Duolando: Follower GPT with Off-Policy Reinforcement Learning for Dance Accompaniment

Li Siyao,Tianpei Gu,Zhitao Yang,Zhengyu Lin,Ziwei Liu,Henghui Ding,Lei Yang,Chen Change Loy
2024-03-28
Abstract:We introduce a novel task within the field of 3D dance generation, termed dance accompaniment, which necessitates the generation of responsive movements from a dance partner, the "follower", synchronized with the lead dancer's movements and the underlying musical rhythm. Unlike existing solo or group dance generation tasks, a duet dance scenario entails a heightened degree of interaction between the two participants, requiring delicate coordination in both pose and position. To support this task, we first build a large-scale and diverse duet interactive dance dataset, DD100, by recording about 117 minutes of professional dancers' performances. To address the challenges inherent in this task, we propose a GPT-based model, Duolando, which autoregressively predicts the subsequent tokenized motion conditioned on the coordinated information of the music, the leader's and the follower's movements.
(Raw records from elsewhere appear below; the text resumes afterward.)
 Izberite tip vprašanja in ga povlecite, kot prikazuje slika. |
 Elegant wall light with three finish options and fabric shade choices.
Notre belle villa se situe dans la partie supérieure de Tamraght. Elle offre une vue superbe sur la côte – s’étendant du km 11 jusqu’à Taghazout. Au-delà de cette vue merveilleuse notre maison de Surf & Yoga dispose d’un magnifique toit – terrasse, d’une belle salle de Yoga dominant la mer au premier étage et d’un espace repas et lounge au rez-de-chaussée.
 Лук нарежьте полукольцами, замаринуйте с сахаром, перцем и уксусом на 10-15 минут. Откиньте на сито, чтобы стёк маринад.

To further enhance the GPT's capabilities of generating stable results on unseen conditions (music and leader motions), we devise an off-policy reinforcement learning strategy that allows the model to explore viable trajectories from out-of-distribution samplings, guided by human-defined rewards. Based on the collected dataset and proposed method, we establish a benchmark with several carefully designed metrics.
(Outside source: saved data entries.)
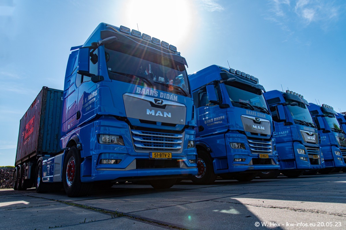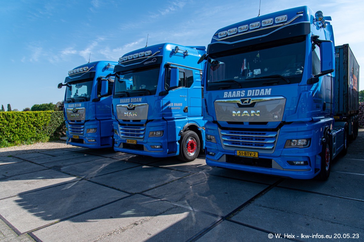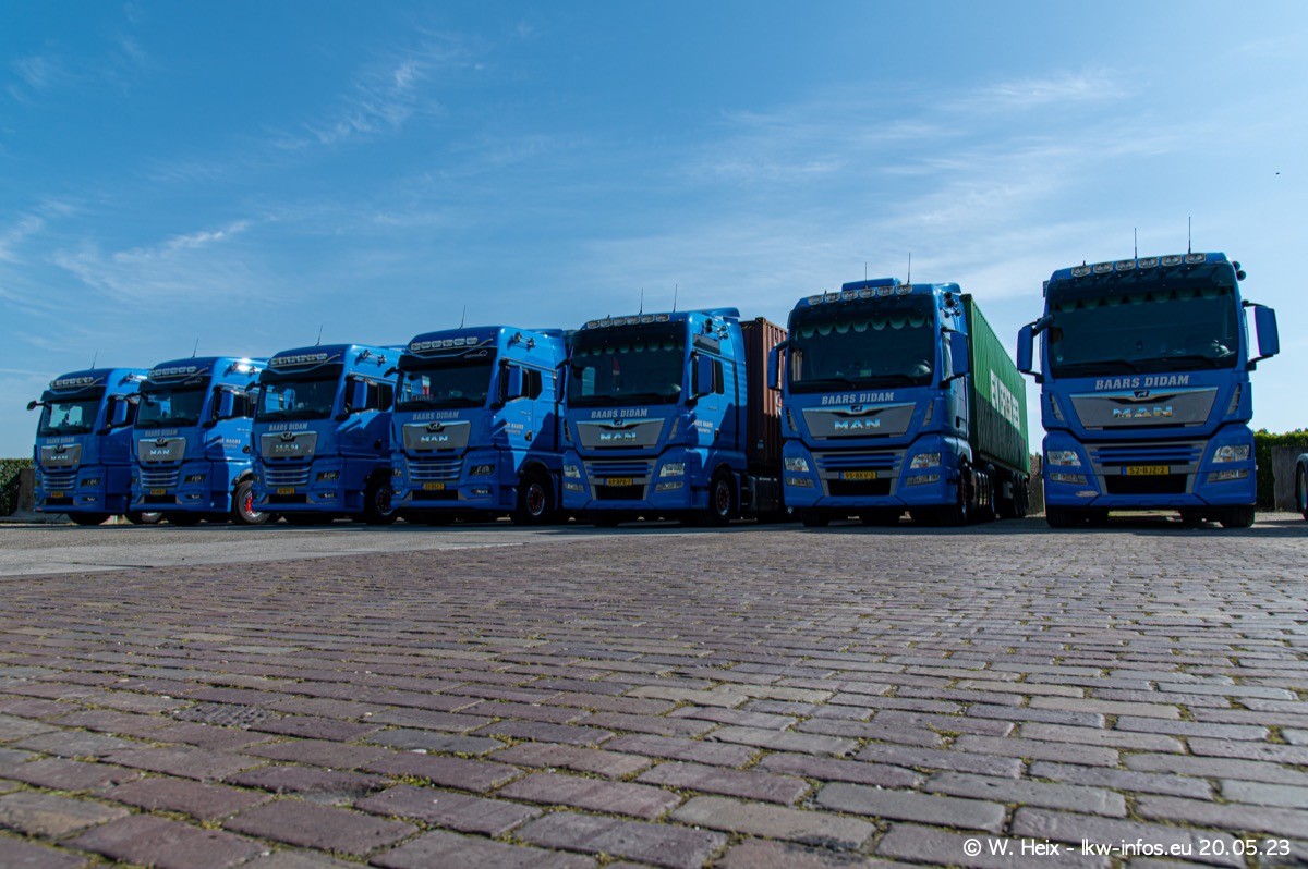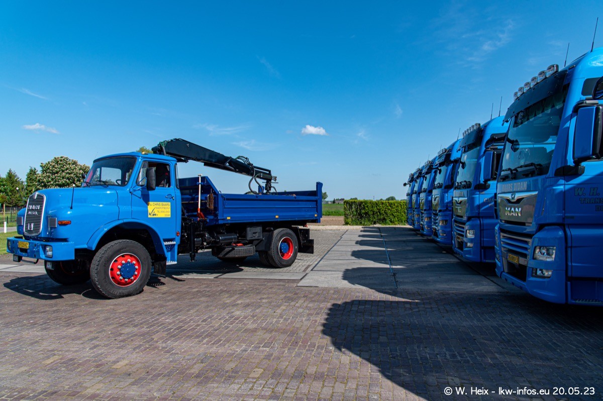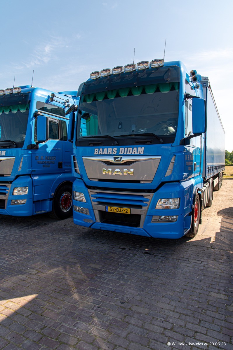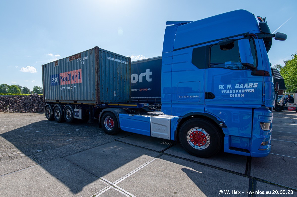 Der Fuhrpark von Baars besteht aus neun MAN, das sind vier MAN der neuen Baureihe und fünf der alten Baureihe. Die Firma ist überwiegend im Bereich Containertransport tätig. Es gibt aber auch noch zwei schöne Oldtimer. Das ist ein MAN 16.168 HAK, Baujahr 1982. Der wurde vor drei Jahren gekauft und in den eigenen Firmenfarben lackiert. Der stand auch gleich für ein kleines Fotoshooting bereit. Der zweite Oldtimer ist ein Hanomag-Henschel H 261 Allrad-Hauber. Der LKW ist von 1970 und wurde damals vom heutigen Senior-Chef neu gekauft und ist bis heute im Familienbesitz. Aktuell ist das Fahrzeug allerdings nicht fahrbereit, darum gibt es "nur" Bilder aus der Garage/Werkstatt.
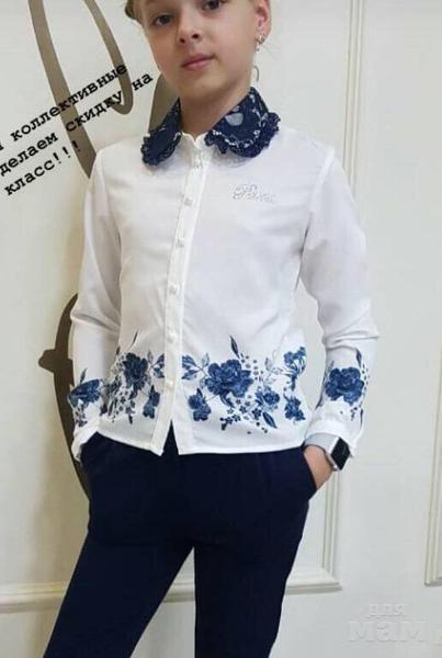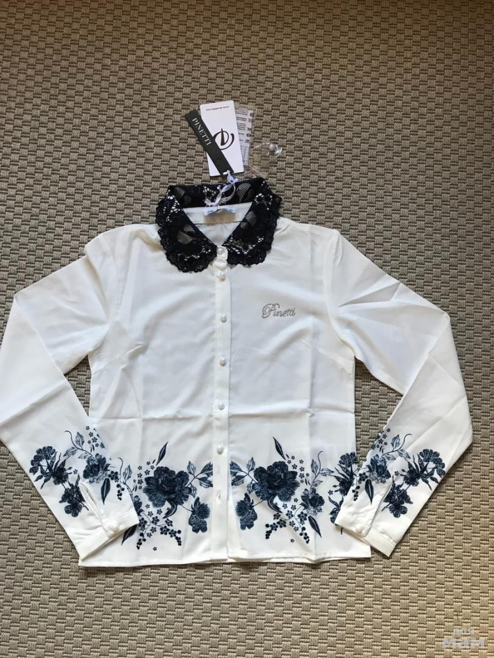 Шикарная школьная блузка Pinetti 146 рост, рукав 55 см, новая, вискоза 55%, полиэстер 42, эластан 3%, очень красивая. Кружево и рисунок синего цвета.
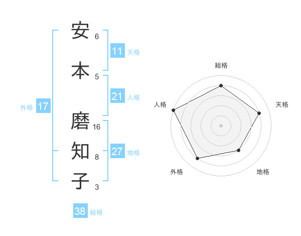 安本 磨知子さんを姓名の画数から五運を鑑定

Computer Vision and Pattern Recognition,Graphics,Sound,Audio and Speech Processing
What problem does this paper attempt to address?
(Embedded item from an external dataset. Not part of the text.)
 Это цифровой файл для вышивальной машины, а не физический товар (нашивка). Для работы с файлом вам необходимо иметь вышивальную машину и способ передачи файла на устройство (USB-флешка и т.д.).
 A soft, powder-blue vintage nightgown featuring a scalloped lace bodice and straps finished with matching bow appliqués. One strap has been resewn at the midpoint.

This paper attempts to address the problem of generating follower dance movements in a duet that can respond to the leader's actions and synchronize with the background music. Specifically, the paper proposes a method called "Duolando," which generates follower dance movements using a model based on GPT (Generative Pre-trained Transformer) and Off-Policy Reinforcement Learning. ### Main Issues 1. **Generating Responsive Movements**: How to generate follower dance movements that can respond to the leader's actions. 2. **Synchronizing with Music Rhythm**: How to ensure that the generated dance movements are synchronized with the rhythm of the background music. 3. **Handling Unseen Data**: How to generate stable and reasonable dance movements when faced with unseen music or leader actions. ### Solutions 1. **Large-Scale Dataset**: Constructed a large-scale duet dance dataset named DD100, which includes 10 different dance styles performed by 5 pairs of professional dancers, with a total duration of approximately 117 minutes. 2. **GPT Model**: Uses the GPT model to autoregressively predict subsequent dance movements, conditioned on music signals, the leader's actions, and the follower's previous movements. 3. **Off-Policy Reinforcement Learning**: Introduces an off-policy reinforcement learning strategy to enable the model to generate more stable results when faced with unseen music or leader actions. The learning process is guided by a human-defined reward function. ### Contributions 1. **Introducing a New Task**: Proposes a new multimodal task—dance accompaniment—and provides a large-scale and diverse dataset for training and testing. 2. **Establishing Benchmarks**: Establishes new benchmarks based on the collected dataset and proposed method, including multiple carefully designed evaluation metrics. 3. **Improving the Model**: Constructs a GPT-based network capable of generating motion sequences that consider partner coordination, serving as a strong baseline for this task. 4. **Handling Unseen Data**: Introduces an off-policy reinforcement learning strategy to address the challenges posed by unseen music or leader actions and demonstrates its successful application in the task. Through these methods, the paper aims to provide effective solutions for duet dance accompaniment tasks in fields such as Virtual Reality (VR) and Augmented Reality (AR).